If every garden (and every human) was the same, the world would be a pitiful place. These very different gardens seem to suit their respective home perfectly. Viewed together, each accentuates the other’s beauty.
The first, a private cottage garden in the grounds of Dorothy Clive Gardens, is super colourful, flower-filled and just a little laissez-faire. Flowers in shades of apricot, yellow and blue gaily tumble over each other above the unifying green, partly obscuring the view from the home and creating a feeling of privacy.
The second garden, Levels Hall in The Lake District, is grand, formal and manicured. Mullioned windows of a centuries-old stately home overlook topiary cones, tall yew hedges and garden benches. A stone urn acts as a centrepiece above a circle of bedding plants. Gravel makes the area pleasant for visitors to stroll through and continues along the same neutral vein as the benches and stone building. Our eyes, naturally alert to colour and variation, find interest in the different greens while noting the feeling of harmony and restraint.
It’s tempting to frame these styles as opposites, but that would be missing the point. Styles don’t ever oppose, they are only more or less true to themselves. Casting never a backwards look, pure style revels in itself completely. By hedging its bets (no pun intended) style becomes diluted.
In these two gardens I seem to see wholeheartedness. A sense of what they are, and pleasure taken in being so.
As visitors to gardens, we never have to choose, not really. Even if we love formality and tidiness at home, we can suspend our inclinations long enough to appreciate the vibrancy of the wildest flower garden. And if our gardens tend towards the dishevelled, we can still admire control – while thanking our lucky stars we aren’t responsible for the pruning, watering and tending.
… or weeding that gravel.
Luckily the gardeners at Levens Hall are cheery sorts, if a cartoon I saw finger-drawn on their greenhouse shading is anything to go by.

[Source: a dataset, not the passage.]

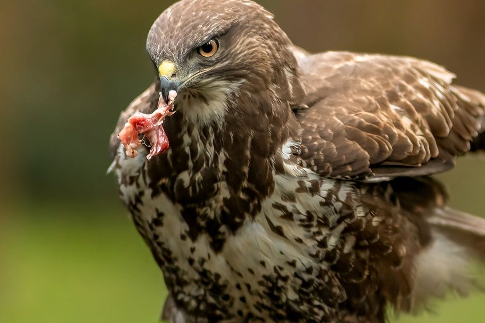 La buse tient sa proie dans son bec. Un beau portrait de la nature telle qu'elle est. Photographiée dans une forêt, la buse est au sol en train de manger sa proie. Les yeux de l'oiseau de proie se révèlent être d'une grande acuité.

I still prefer the formal, and I can get away with it in such small gardens. Most of my garden is full of vegetables in very regimented rows. Anyway, no one else seems to like formal style, and it is very difficult to maintain such style in large gardens like the arboretum. Even the gardens at Filoli are no longer as formal as they were designed to be. (I think it would be possible there, but no one knows how to do it anymore, or just does not care to do it properly.) The arboretum is very informal and relaxed, and perfect for the rhododendrons and azaleas it displays.

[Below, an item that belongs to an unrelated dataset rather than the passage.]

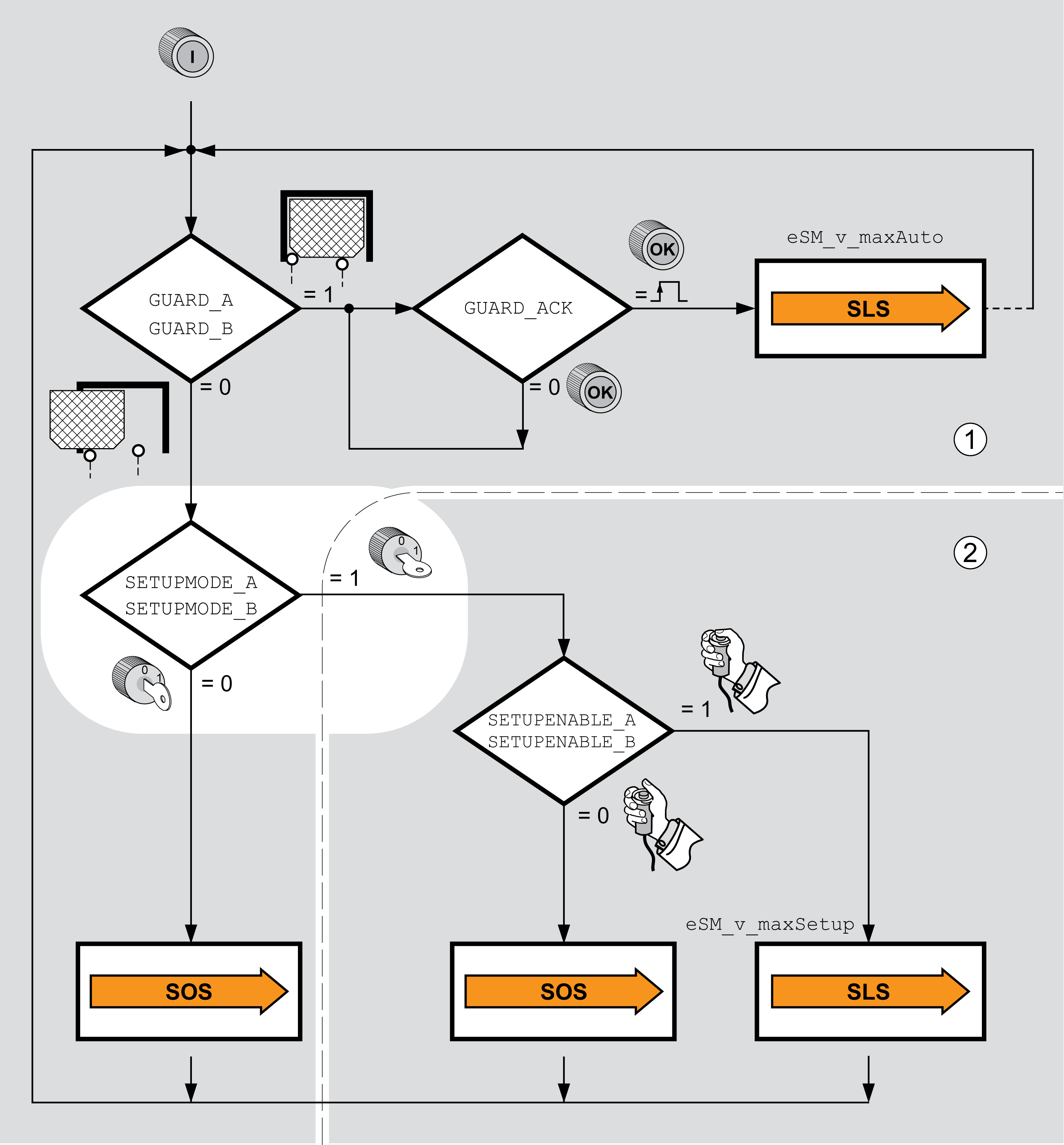 Les modes de fonctionnement de la machine suivants sont différenciés pour le module de sécurité eSM (voir aussi EN 12417) :

I’m sure it helps to have plenty of staff to keep a formal garden neat. It’s always nice to see a productive vegetable garden, laid out in rows.

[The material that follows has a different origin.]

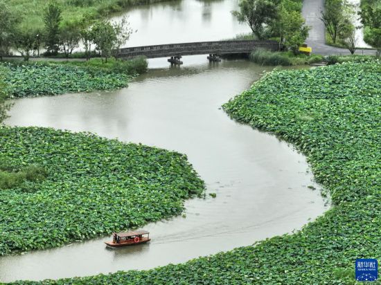 7月11日,游人乘船游覽穆溝古村(無(wú)人機(jī)照片)。

‘Dishevelled’ sounds like my style. 😉
And mine!
Cottages for me
I love to see different kinds of gardens but cottage style ones like yours and Jackie’s are some of my favourites.
Thanks a lot, Susan
“Wholeheartedness” — now there’s a word to garden by. I take your point about style, and I’d agree that each of these is true to itself. And, it would appear, true to its home. For me, the first, but I’d love to have a close relative who lives in the second so I could visit!
That’s an idea! It looks as if they could host a wide extended family behind those windows.
My vegetable garden at home is always manicured, with clean rows and a border of boxwoods. My flower gardens, however…that is where my free spirit roams. 😊
That makes a lot of sense. 🙂
Cottage for me, too, but your point is well taken.
I much prefer to see flowers in gardens and can overlook almost no end of other impediments or eccentricities of style in those that have them.
That pretty much describes most of us amateur gardeners. 😉
How true. So much better to understand and enjoy a garden’s intent, than to decide you like one style over the other.
We get to choose in our own gardens and that’s more than good enough for me.
Thank you for a wonderful reminder, Susan!
My pleasure Lindy.
I like gardens with a laissez faire look contained within formal hedging. Does that make me a bit Jackie n Hyde!
Nice article
I’m sure there’s a joke along the lines of Gertrude Jekyll and Hyde, but it’s just eluding me… Hyde Park, perhaps, if it was all formal.